Exercise details:
Nothing but the lines from the start of the entries below through the line containing "In primo piano" should appear in the answer, copied exactly and free of pictures.

Input for this task:
=== Begin Enclosure ===

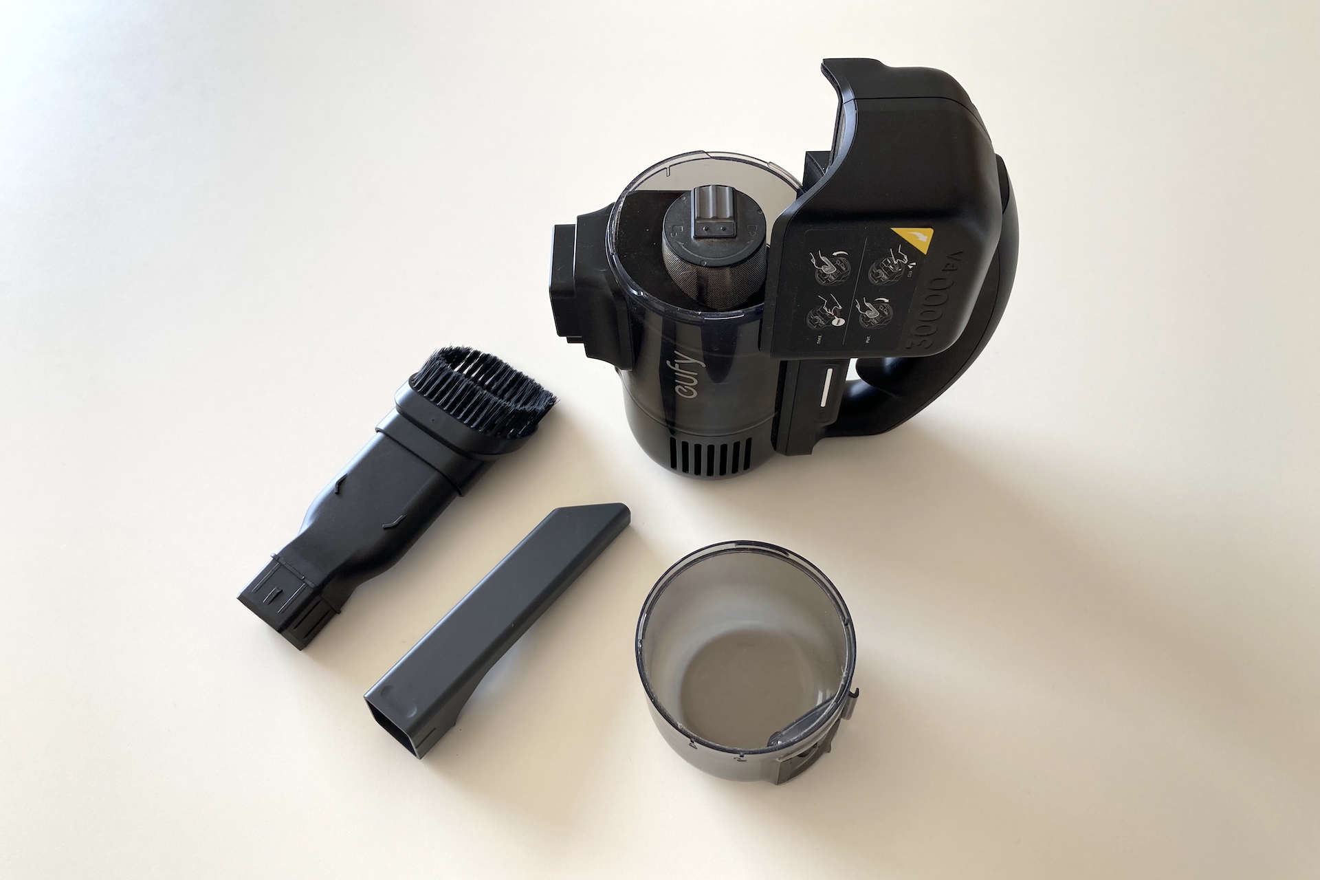 Det är lite krångligt att växla mellan de tre funktionerna (skaftdammsugare, robotdammsugare och handdammsugare). Delarna lossnar inte alltid så lätt från varandra och känns ovanligt billiga i kvaliteten för ett Eufy-produkt.
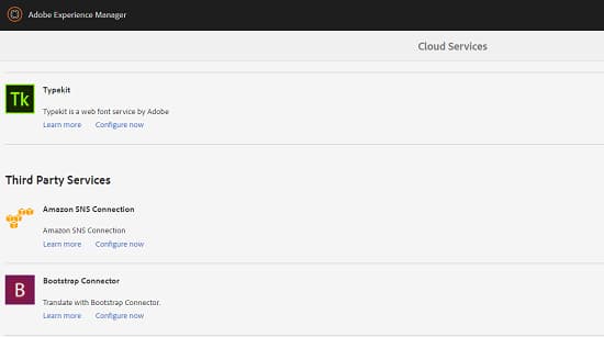 Click the Experience Manager logo, and navigate to Tools > Deployment > Cloud Services.
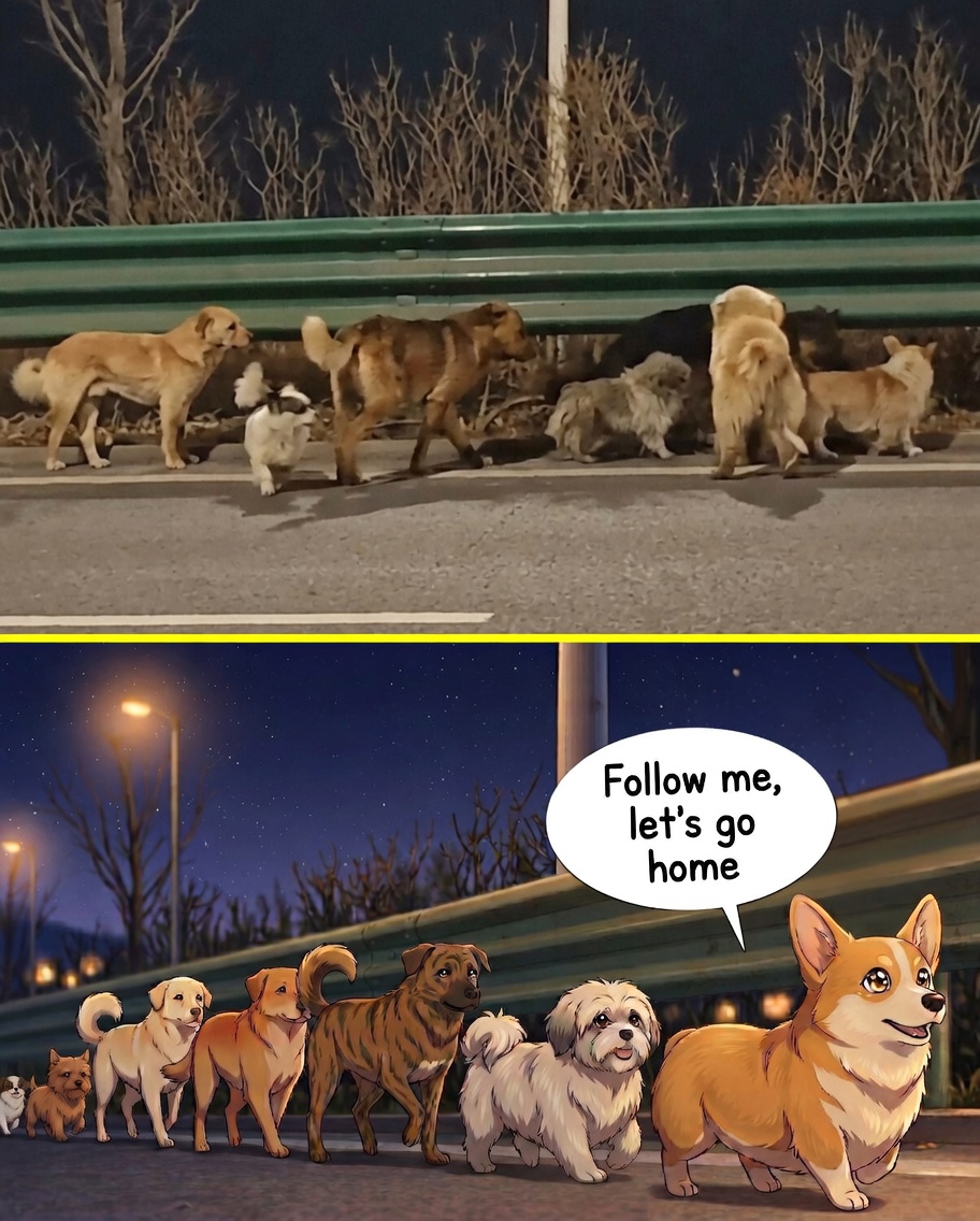 For nearly two days, the group traveled more than 17 kilometers, crossing roads and open land. Witnesses who saw them couldn’t believe what they were watching. At the front, a small Welsh Corgi led the way, walking with quiet determination as if guiding the others. Around him, the larger dogs moved carefully, staying close, almost like guardians—watching, protecting, making sure no one was left behind.
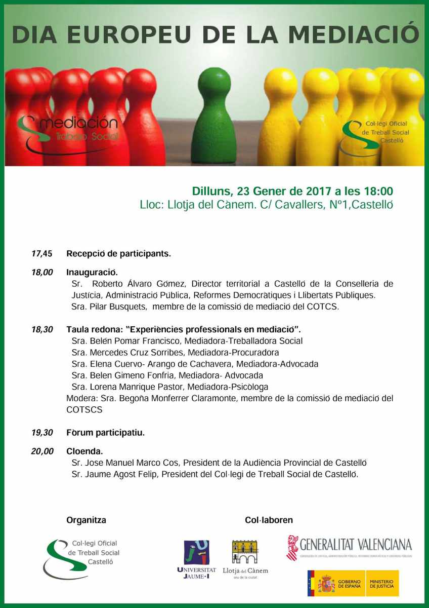 Participación en la mesa redonda «Experiencias profesionales en mediación», con motivo del Día Europeo de la Mediación, organizada por el Colegio Oficial de Trabajo Social de Castellón, enero 2017.
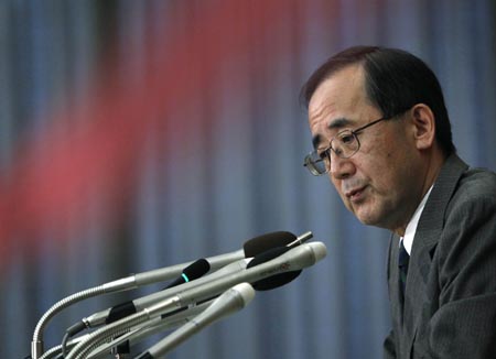 10月28日,在日本首都東京,日本銀行行長白川方明出席新聞發(fā)布會。 日本中央銀行——日本銀行28日發(fā)表《經(jīng)濟(jì)物價形勢展望報告》,對2010財年和2011財年日本經(jīng)濟(jì)增長率的預(yù)期均有所下調(diào),消費者物價指數(shù)則有望在2011財年轉(zhuǎn)為正增長。
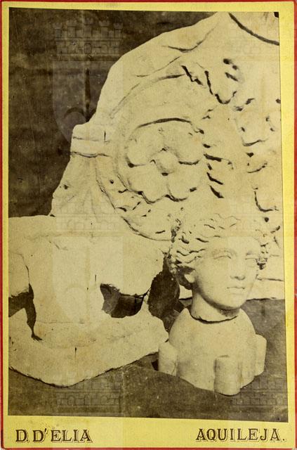 In primo piano vi è il volto di una figura femminile, forse da identificare con Afrodite Anadiomene per la presenza della benda tra i capelli, su piedistallo. La scultura, realizzata in marmo alabastrino, è spezzata alla base del collo ed è consunta in più punti. L'irregolarità di alcuni tratti del volto fanno addirittura ipotizzare che essa possa essere stata rilavorata in un secondo tempo con intento iconografico. Dietro alla testa si riconosce un rilievo architettonico fortemente aggettante con un'ampia voluta vegetale terminante con un fiore a quattro petali. La foto fu scattata al museo di Aquileia, come cita la didascalia, prima che il volto femminile venisse inviato a Vienna, al Kunsthistorisches Museum, dove ancora oggi si trova.
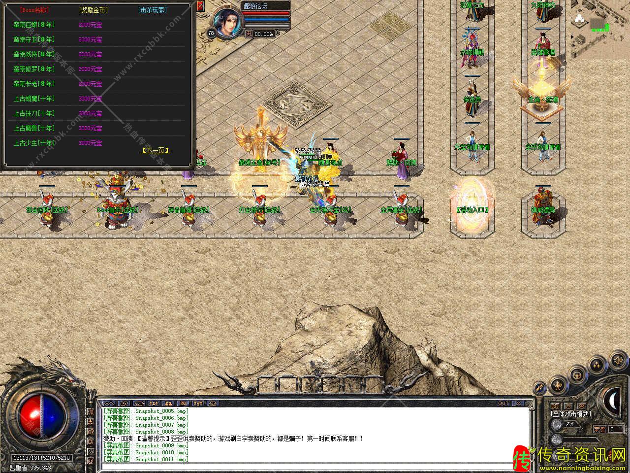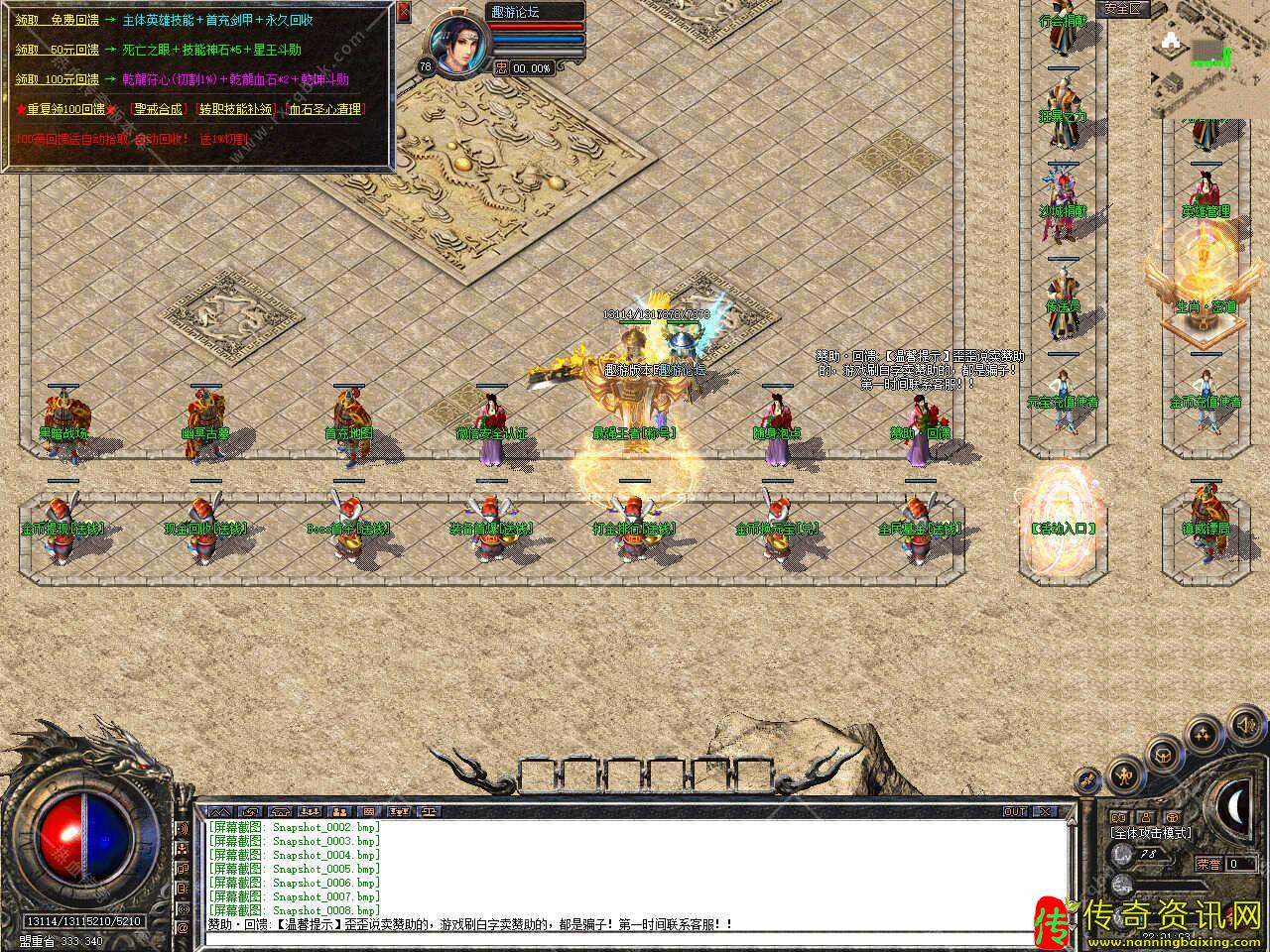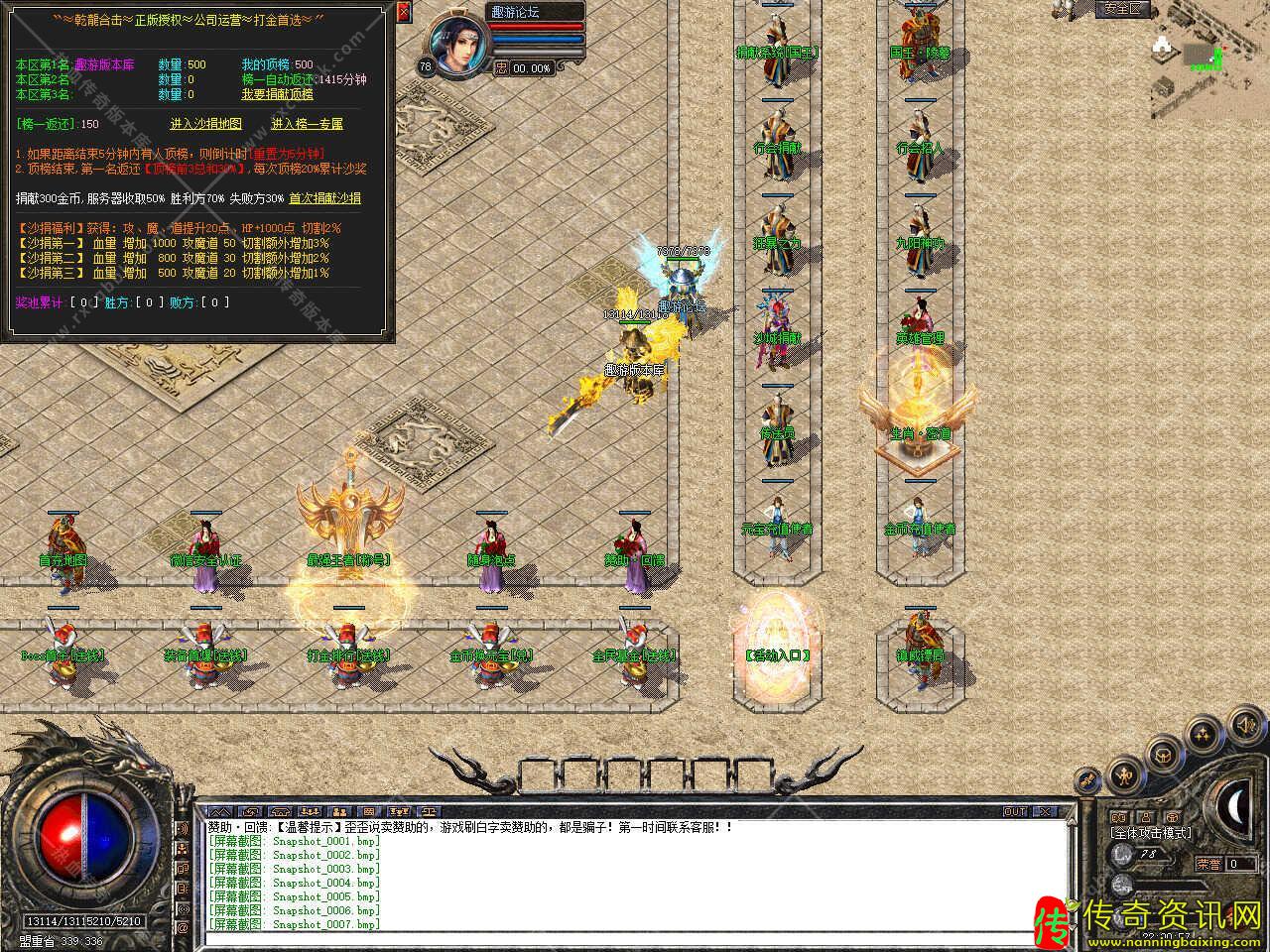 版本介绍:沙城捐献可获得怪物切割+2%,还有专属捐献地图,此地图BOSS云集(前期无等级必备地图)。

=== End Enclosure ===

Exercise answer:
 Det är lite krångligt att växla mellan de tre funktionerna (skaftdammsugare, robotdammsugare och handdammsugare). Delarna lossnar inte alltid så lätt från varandra och känns ovanligt billiga i kvaliteten för ett Eufy-produkt.
 Click the Experience Manager logo, and navigate to Tools > Deployment > Cloud Services.
 For nearly two days, the group traveled more than 17 kilometers, crossing roads and open land. Witnesses who saw them couldn’t believe what they were watching. At the front, a small Welsh Corgi led the way, walking with quiet determination as if guiding the others. Around him, the larger dogs moved carefully, staying close, almost like guardians—watching, protecting, making sure no one was left behind.
 Participación en la mesa redonda «Experiencias profesionales en mediación», con motivo del Día Europeo de la Mediación, organizada por el Colegio Oficial de Trabajo Social de Castellón, enero 2017.
 10月28日,在日本首都東京,日本銀行行長白川方明出席新聞發(fā)布會。 日本中央銀行——日本銀行28日發(fā)表《經(jīng)濟(jì)物價形勢展望報告》,對2010財年和2011財年日本經(jīng)濟(jì)增長率的預(yù)期均有所下調(diào),消費者物價指數(shù)則有望在2011財年轉(zhuǎn)為正增長。
 In primo piano vi è il volto di una figura femminile, forse da identificare con Afrodite Anadiomene per la presenza della benda tra i capelli, su piedistallo. La scultura, realizzata in marmo alabastrino, è spezzata alla base del collo ed è consunta in più punti. L'irregolarità di alcuni tratti del volto fanno addirittura ipotizzare che essa possa essere stata rilavorata in un secondo tempo con intento iconografico. Dietro alla testa si riconosce un rilievo architettonico fortemente aggettante con un'ampia voluta vegetale terminante con un fiore a quattro petali. La foto fu scattata al museo di Aquileia, come cita la didascalia, prima che il volto femminile venisse inviato a Vienna, al Kunsthistorisches Museum, dove ancora oggi si trova.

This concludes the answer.